Hubble, ALMA, and Webb team up to create a complete picture of the debris disks around several stars. “With Hubble and ALMA, we were able to image most of their Kuiper belt counterparts and learned a lot about how outer disks form and evolve,” Wolff said. “But Webb should allow us to photograph a dozen asteroid belts elsewhere. We can learn as much about the warm inner regions of these disks as Hubble and ALMA have taught us about the colder outer regions.”
These belts were most likely carved by the gravitational forces created by unseen planets. Similarly, in our solar system, Jupiter occupies the asteroid belt, the inner edge of the Kuiper belt is chipped by Neptune, and the outer edge may be grazed by yet-to-be-seen objects beyond. As Webb captures more systems, we’ll learn about the configurations of his planets.
Fomalhaut’s dust ring was discovered in 1983 during observations by NASA’s Infrared Astronomy Satellite (IRAS). The ring’s presence has also been inferred from earlier long wavelength observations of Mauna Kea, Hawaii, by submillimeter telescopes at NASA’s Spitzer Space Telescope and the Caltech Submillimeter Observatory.
“The generations around Fomalhaut are a kind of mystery novel: where are the planets?” Another member of the team and US scientist at the Webb Infrared Instrument (MIRI) who made the observations said George Riecke. “To say that there is probably a really interesting planetary system around a star is not a big step.”
“We didn’t expect a more complex structure with a second middle belt followed by a wider asteroid belt,” Wolff added. “This structure is very exciting because whenever an astronomer sees a gap and a ring in a disk, ‘There may be a buried, ring-forming planet there!’ they say.
Webb also imaged what Gaspar called the “big dust cloud”; this could be evidence of a collision occurring in the outer ring between two protoplanetary bodies. This is different from the planet Hubble supposedly saw inside the outer ring in 2008. Other Hubble observations showed that the object had disappeared by 2014. A plausible interpretation is that this newly discovered feature, like the previous one, is a cloud of very fine dust particles expanding from two icy bodies colliding.
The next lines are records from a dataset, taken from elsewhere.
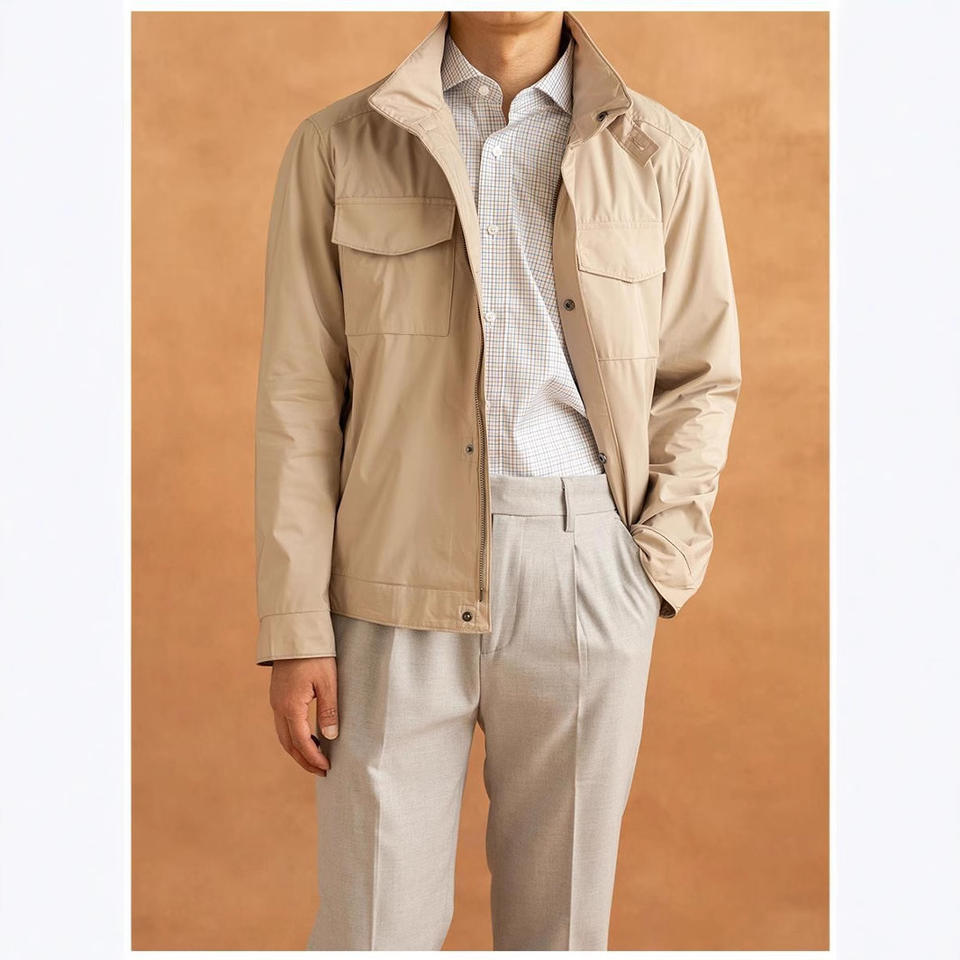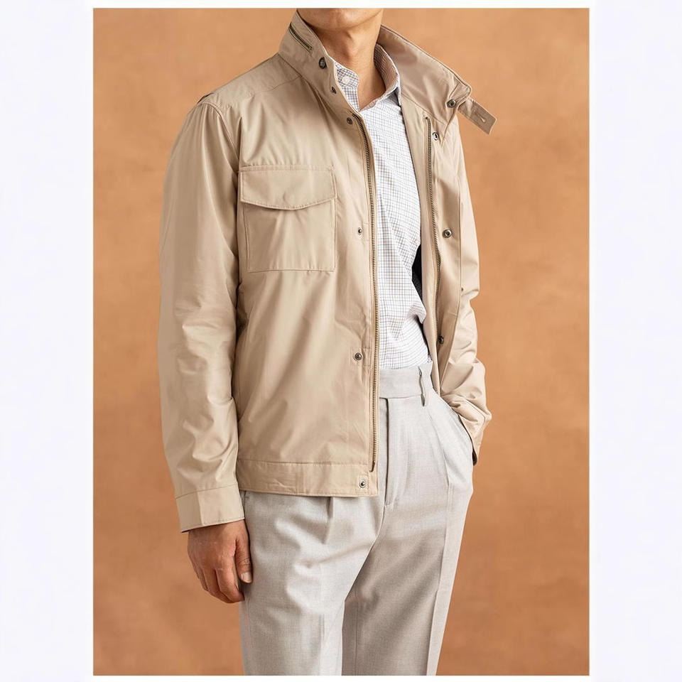 Men's Casual Canvas Windbreaker Jacket with Autumn Stand Collar Front Logo Outdoor Waterproof Zipper
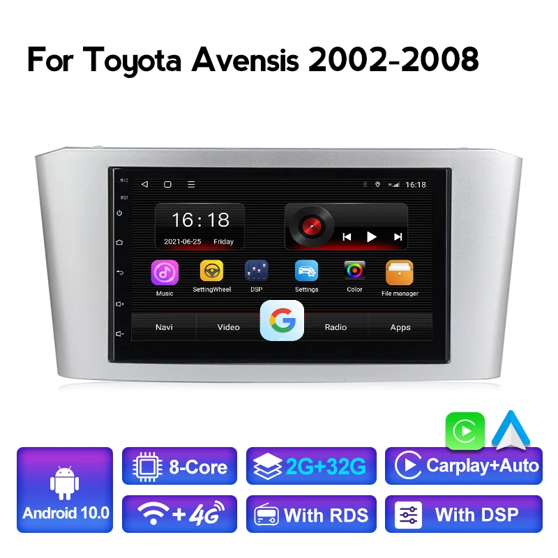 Восьмиядерный Android 11 Авторадио для Toyota Avensis 2002 - 2008 а...
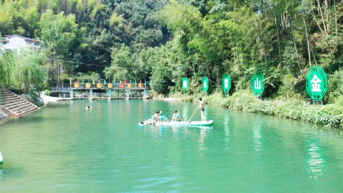 地处药菇山余脉、团湾水库发源地的詹桥镇长浩村因地制宜,打造了近千平米的“露天游泳池”,吸引了不少游客慕名前来休闲“打卡”。她们有的在水中玩水嬉戏,有的悠闲的躺在游泳圈上,缓缓在水面上划行,尽情享受着秋日的清凉。
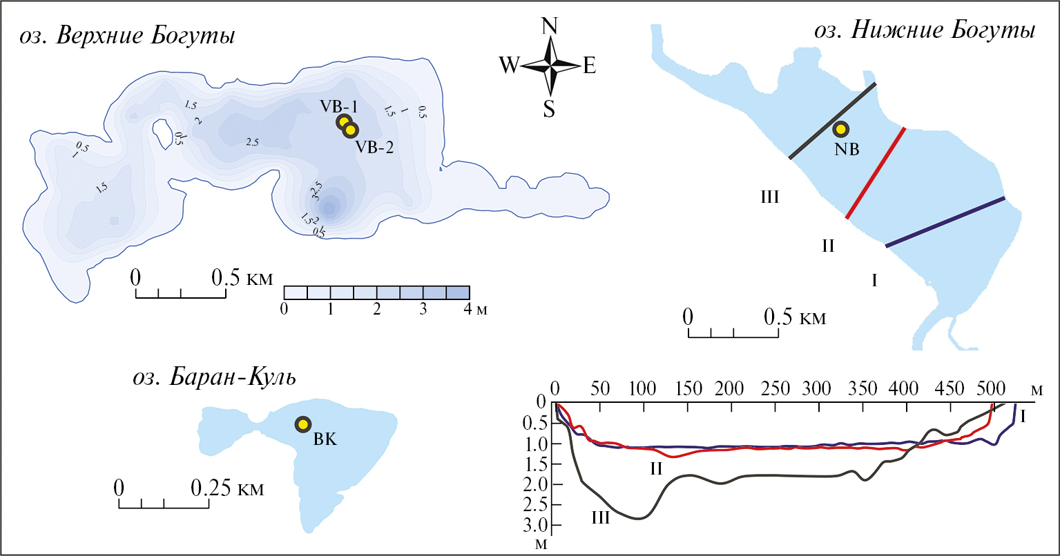 Для решения этих и многих других вопросов было проведено бурение донных отложений трех озер Богутинской впадины: двух крупнейших моренно-подпрудных, Нижних и Верхних Богутов, сформировавшихся в пределах соответственно нижнего и верхнего комплексов конечно-боковых морен, и наиболее крупного из термокарстовых, названного нами Баран-Кулем, расположенного в пределах верхнего моренного комплекса (рис. 1). Эти озера выбраны как потенциально наиболее долгоживущие и хранящие наиболее полную летопись природных событий и при этом относящиеся к разным лимно-гляциальным комплексам впадины.

The idea of a protoplanetary disk around a star dates back to the late 1700s, when astronomers Immanuel Kant and Pierre-Simon Laplace independently theorized that the Sun and planets formed from a rotating cloud of gas that collapsed and flattened under the influence of gravity. . The debris disks then develop after the formation of planets and the dispersal of primordial gas in the systems. They show that small objects such as asteroids collide disastrously and split their surfaces into large clouds of dust and other debris. Observations of their dust provide unique clues about the structure of an exoplanet system that reaches Earth-sized planets and even asteroids too small to be seen individually.